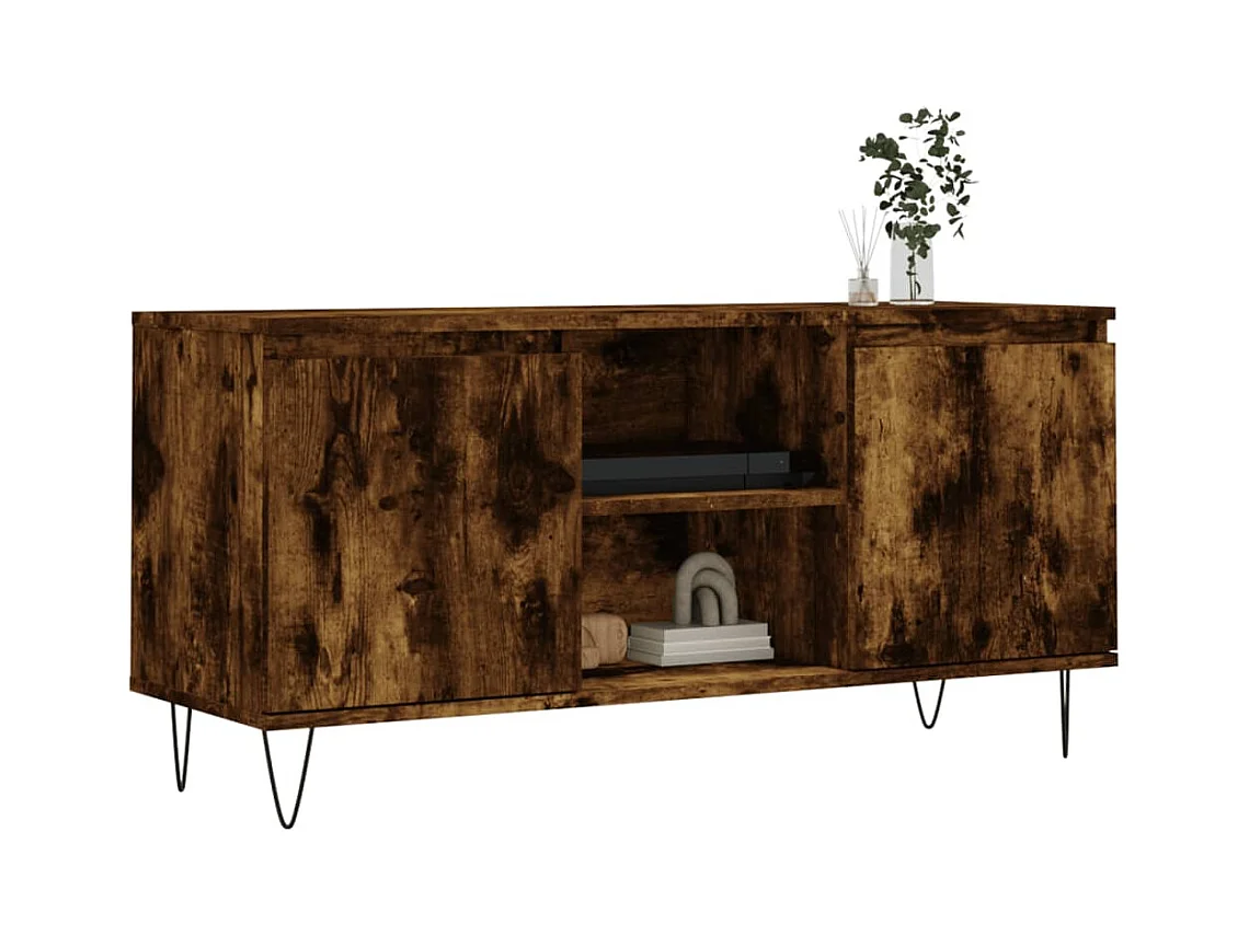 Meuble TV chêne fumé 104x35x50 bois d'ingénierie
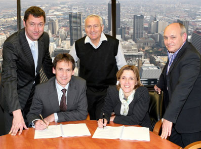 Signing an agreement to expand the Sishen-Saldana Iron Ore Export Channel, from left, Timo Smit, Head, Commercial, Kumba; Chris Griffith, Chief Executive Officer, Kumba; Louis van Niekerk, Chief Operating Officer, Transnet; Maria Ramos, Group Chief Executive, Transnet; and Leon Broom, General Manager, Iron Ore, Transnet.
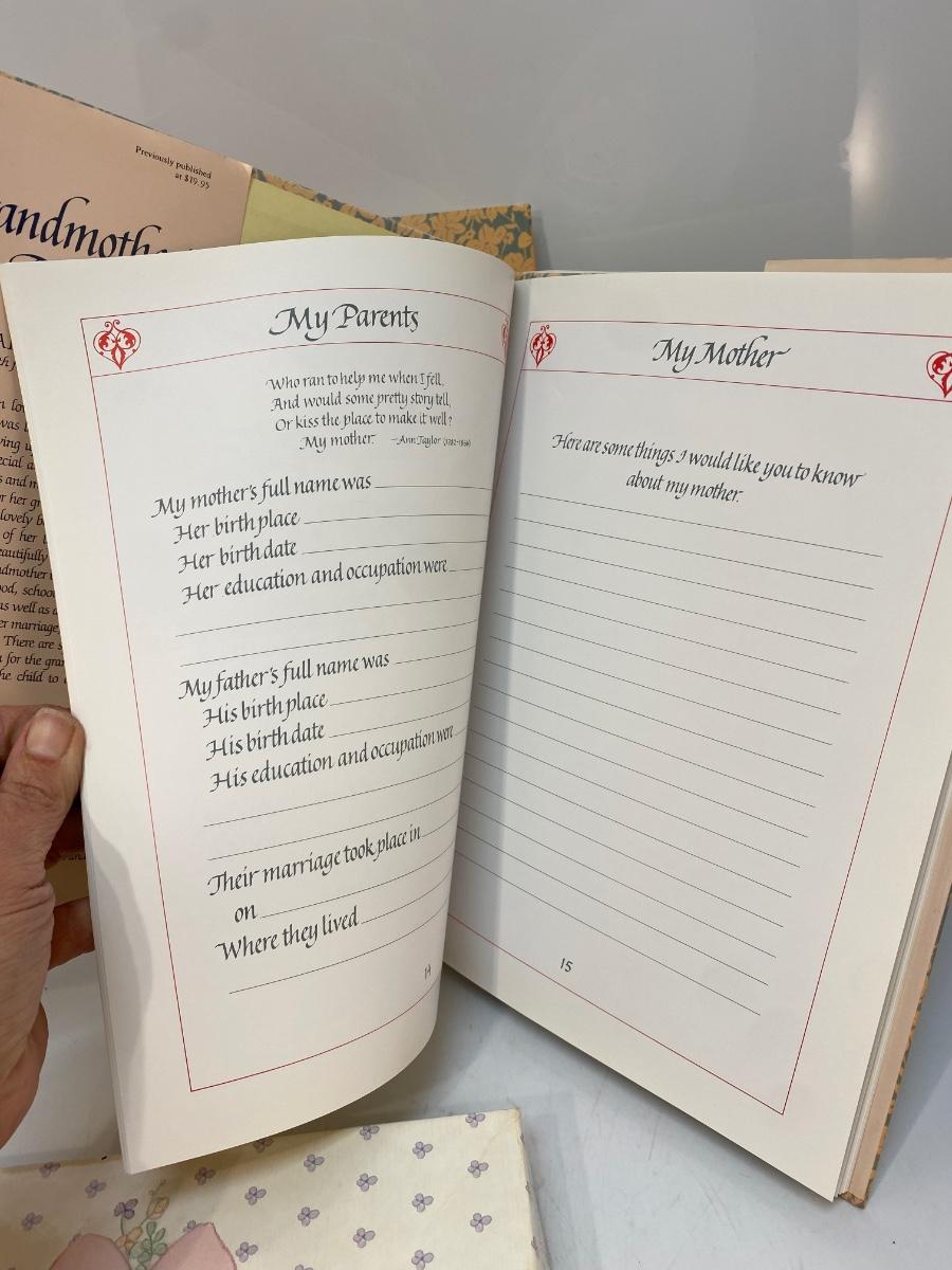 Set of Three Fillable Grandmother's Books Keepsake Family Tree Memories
+ + + +
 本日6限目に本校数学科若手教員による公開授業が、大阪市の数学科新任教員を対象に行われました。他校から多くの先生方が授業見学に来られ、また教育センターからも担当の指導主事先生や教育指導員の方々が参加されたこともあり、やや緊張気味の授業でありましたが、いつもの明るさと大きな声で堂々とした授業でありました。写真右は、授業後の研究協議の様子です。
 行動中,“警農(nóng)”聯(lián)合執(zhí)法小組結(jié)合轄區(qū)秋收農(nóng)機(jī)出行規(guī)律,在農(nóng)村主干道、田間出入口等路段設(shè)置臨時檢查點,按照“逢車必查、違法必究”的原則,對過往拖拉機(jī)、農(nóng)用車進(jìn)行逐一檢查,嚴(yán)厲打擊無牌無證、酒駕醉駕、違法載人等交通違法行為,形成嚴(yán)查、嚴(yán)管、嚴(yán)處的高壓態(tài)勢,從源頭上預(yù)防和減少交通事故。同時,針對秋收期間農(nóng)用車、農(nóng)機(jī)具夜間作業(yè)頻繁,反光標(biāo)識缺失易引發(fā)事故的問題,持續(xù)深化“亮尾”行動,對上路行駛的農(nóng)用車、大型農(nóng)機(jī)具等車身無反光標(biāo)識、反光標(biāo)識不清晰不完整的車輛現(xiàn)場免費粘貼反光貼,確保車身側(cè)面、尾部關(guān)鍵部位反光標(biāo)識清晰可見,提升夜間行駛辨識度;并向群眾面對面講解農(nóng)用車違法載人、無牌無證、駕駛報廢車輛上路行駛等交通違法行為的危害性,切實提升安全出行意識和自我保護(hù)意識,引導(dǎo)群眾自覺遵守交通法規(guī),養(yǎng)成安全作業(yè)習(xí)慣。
+ + + +
> _WHAT THE TASK ASKS_: Give back exactly, and solely, the section of the data above bounded by the line containing "Meuble TV chêne" and the line containing "Set of Three", both bounding lines included and pictures omitted.

> _ANSWER SPACE_:
 Meuble TV chêne fumé 104x35x50 bois d'ingénierie
 Signing an agreement to expand the Sishen-Saldana Iron Ore Export Channel, from left, Timo Smit, Head, Commercial, Kumba; Chris Griffith, Chief Executive Officer, Kumba; Louis van Niekerk, Chief Operating Officer, Transnet; Maria Ramos, Group Chief Executive, Transnet; and Leon Broom, General Manager, Iron Ore, Transnet.
 Set of Three Fillable Grandmother's Books Keepsake Family Tree Memories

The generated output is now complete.